Reviews

In this fascinating and impeccably argued book, Aaron W. Hughes engages a theme relevant to the contemporary study of religion. At stake, for him, are the fundamental theoretical and methodological dimensions that reside at the heart of the field.
Daniel Dubuisson, Centre National de la Recherche Scientifique, Paris

The project of understanding something on its own terms has rightly received much critical attention over the past twenty years—inasmuch as it erases observers and the criteria by which they chose which participant interests to represent and thereby authorize—but there are still pockets within the field that resist a full historicization. Aaron Hughes’s Islam and the Tyranny of Authenticity is but the most recent of his ongoing efforts to invite scholars of Islam to see their object of study as no more or less human than any other, suggesting that their methods should not only be comparable to those found in other sub-specialties but also that their field can be the beneficiary of advances that have taken place elsewhere.
Russell T. McCutcheon, University of Alabama, Co-author of The Sacred is the Profane: The Political Nature of ‘Religion’ (Oxford University Press)

From his example of 'Islamic religious studies,' Aaron Hughes argues that the study of religion in secular universities is characterized more by political correctness, crypto-theologizing, and normative pronouncements than it is by a theorized, critical, and historical scholarship that is of relevance to - or even recognizable by - colleagues from other university disciplines. A must read for all religious studies scholars.
Luther H. Martin, Professor Emeritus of Religion, The University of Vermont

Offers an eye-opening account of how the study of Islam in North American departments of religious studies is becoming more and more an exercise in liberal Muslim apologetics. Hughes responds by laying out a compelling alternative vision, in which practitioners of the academic study of Islam act as critical analysts of "religious" discourses rather than simply as advocates for their own preferred version of Islam.

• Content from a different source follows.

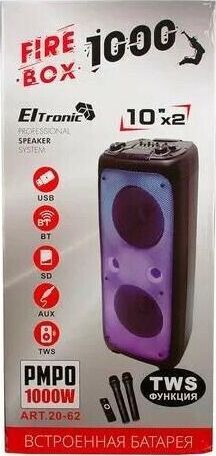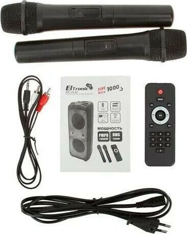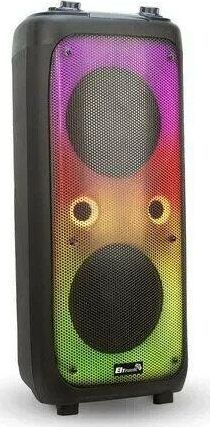 "Режимы воспроизведения: - Bluetooth - FM - Внешний накопитель - Aux Мощность: - RMS 100 Ватт - PMPO 1000 Ватт Питание: - 220V - Встроенный аккумулятор 12В 7А (до 5 часов работы) Разъемы: - USB - SD - AUX - Jack 6.3 мм (микрофон-гитара) 2 шт. Комплектация: - Колонка - Кабель AUX - 2 Беспроводных микрофона - Пульт ДУ - Инструкция Размеры: Ширина - 40 см Высота - 86 см Глубина - 34 см Дополнительно: LED посветка Регулировка громкости микрофона Дисплей Приоритет микрофона Регулировка эхо микрофона Удобная ручка для переноски Колесики 5 полосный эквалайзер"
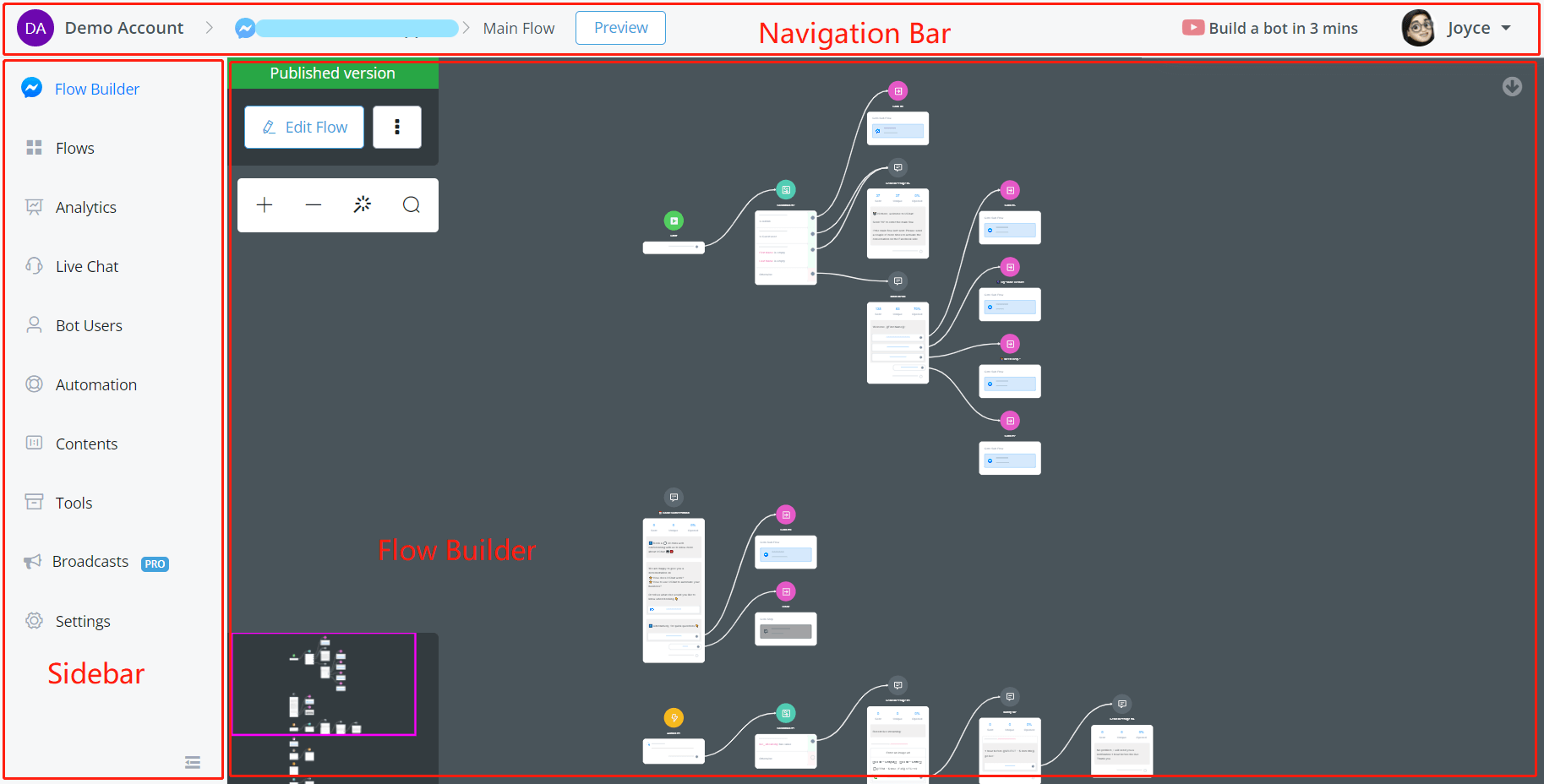 #### Navigation Bar, Sidebar & Flow Builder

This timely intervention cuts to the heart of the question of the legitimacy and relevance of the study of religion in the modern academy, and Hughes's forceful statement should begin a vigorous and useful conversation.
Brent Nongbri, Australian Research Council Discovery Early Career Research Fellow, Department of Ancient History, Macquarie University

Aaron Hughes' Islam and the Tyranny of Authenticity is a beautifully crafted and concise critique of Said's Orientalism thesis and its effects upon contemporary study of Islam. Hughes takes a number of prominent scholars of Islam, analyzes their work and demonstrates the biases that have been created in attempts to pander to identity politics through scholarship. Unexpectedly, he beards Said in his den by proposing Jacob Neusner's methodologies in the study of Judaism as a way forward for Islamic studies--a delightfully creative solution bringing back the importance the shared heritage of Jewish and Islamic studies once had.